March 21 (Bloomberg) -- Microsoft Corp., the world’s largest software maker, said its Windows Phone operating system will propel it past Apple Inc. in China’s smartphone market as its partners release devices costing as little as $158.
Passing Apple is an “interim goal” as the company’s longer-term objective is to supplant Google Inc.’s Android as the local market leader, Simon Leung, Microsoft’s chairman and chief executive officer for the Greater China region, told reporters in Beijing today. He didn’t give a time frame for reaching the targets.
China is poised to become the world’s biggest smartphone market in 2012, making it crucial for manufacturers and sellers in the battle for sales. Shipments of the devices, used to download games and movies, will jump 52 percent to 137 million units in China this year, allowing the country to overtake the U.S. for the first time, research company IDC said.
“We will continue to drive the price down,” Leung said. “Our goal is number one.

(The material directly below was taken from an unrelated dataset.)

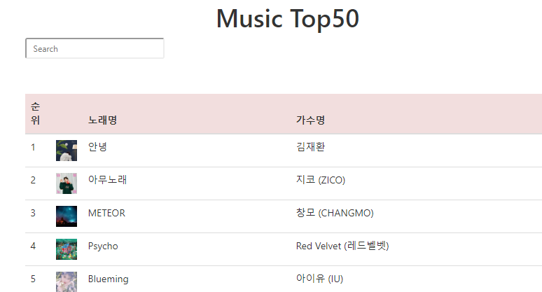 6. Music Top50 이 먼저 있어야 하므로 얘를 먼저 코딩한다.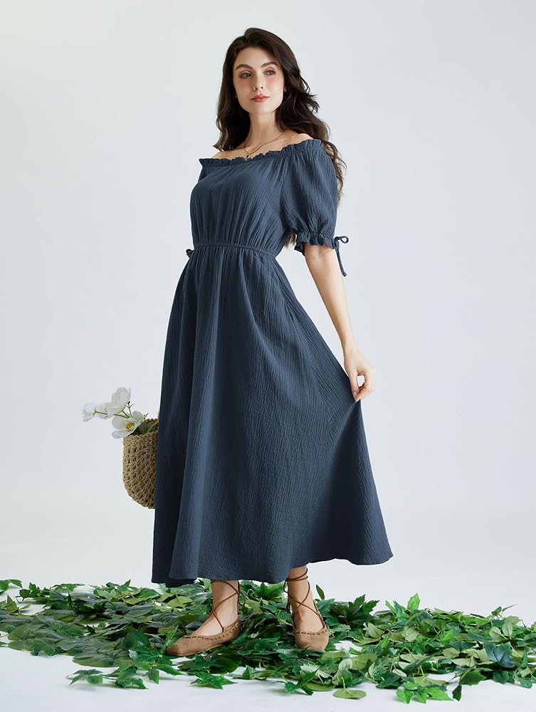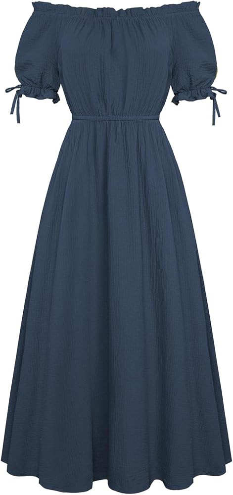 Elegant Design: Embrace the charm of the Renaissance with this beautifully crafted renaissance dress. This maxi dress can be worn off the shoulder or in a regular style, and the tie design at the cuffs adds a touch of elegance to the dress.

Having a goal to be number two is not really a goal.”
Microsoft’s manufacturing partners will “definitely” offer devices in the price range of 1,000 yuan ($158), Leung said, without specifying which partners or devices would meet the target. Rather than make its own phones, Microsoft supplies software to handset manufacturers including Nokia Oyj, Samsung Electronics Co., HTC Corp. and ZTE Corp., Leung said.
A 16-gigabyte iPhone 4S costs 4,988 yuan at Apple’s online store in China.
Leung, who spoke before a ceremony to unveil the new Windows Phone 7.5 operating system in China, declined to discuss specific handsets using the system.
A post on Microsoft’s Windows Phone Blog said that HTC has started selling the first Windows Phone in the country. The HTC Eternity is an unlocked handset with a 4.7-inch screen, front-and rear-facing cameras, and comes with popular Chinese apps, the blog said, without giving the price for the handset.
Winston Yung, chief financial officer and spokesman for Taoyuan, Taiwan-based HTC, didn’t immediately answer calls to his mobile phone after normal business hours today.
Microsoft plans to bring its Windows Phone software to 23 more countries for a total of 63 and put the operating system on less expensive smartphones, it said last month. The company aims to move quickly in developing economies, where Google and Apple are less dominant, before cheaper Android phones can strengthen Google’s position.
Windows Phone will account for 7.5 percent of the China market this year, trailing the 12 percent share of Apple’s IOS and Android’s 70 percent, said Teck-Zhung Wong, a Beijing-based analyst at IDC. By next year, Windows share will rise to 15 percent, surpassing Apple’s 13 percent, while still trailing Android’s 66 percent, he said.
“The Windows Phone ramp-up in China won’t really begin until the second quarter, so the numbers are still low,” Wong said. “From next year the ramp-up will be more rapid.”
By 2016, Windows Phone is forecast to have a 20 percent share in China, ahead of Apple’s 16 percent and trailing Google’s 60 percent, Wong said.
Windows Phone will gain market share from Apple because it represents a “fresh proposition” as an alternative and will also feature in a wider range of devices, Wong said.
“Windows Phone will have a lot of equipment manufacturing partners and more device choice at more different price points,” Wong said. “That alone, as opposed to what Apple is doing, will give Windows Phone an advantage.”
Sandy Shen, a Shanghai-based analyst with Gartner Inc. said Microsoft will have to fight against the prevalence of iPhone and Android devices at the high-end of the market.
“It will take a while before people appreciate the offering,” Shen said. “It’s never too late for a really good product, but there are still improvements to be made on the Windows Phone device itself and to establish the ecosystem.”
Microsoft is exploring the possibility of opening its own retail stores in the country, Leung said today.
He also said he met with senior Chinese leaders yesterday to discuss the nation’s ban on game consoles, including Microsoft’s Xbox, without making any progress.
The ban is “a little bit frustrating,” Leung said.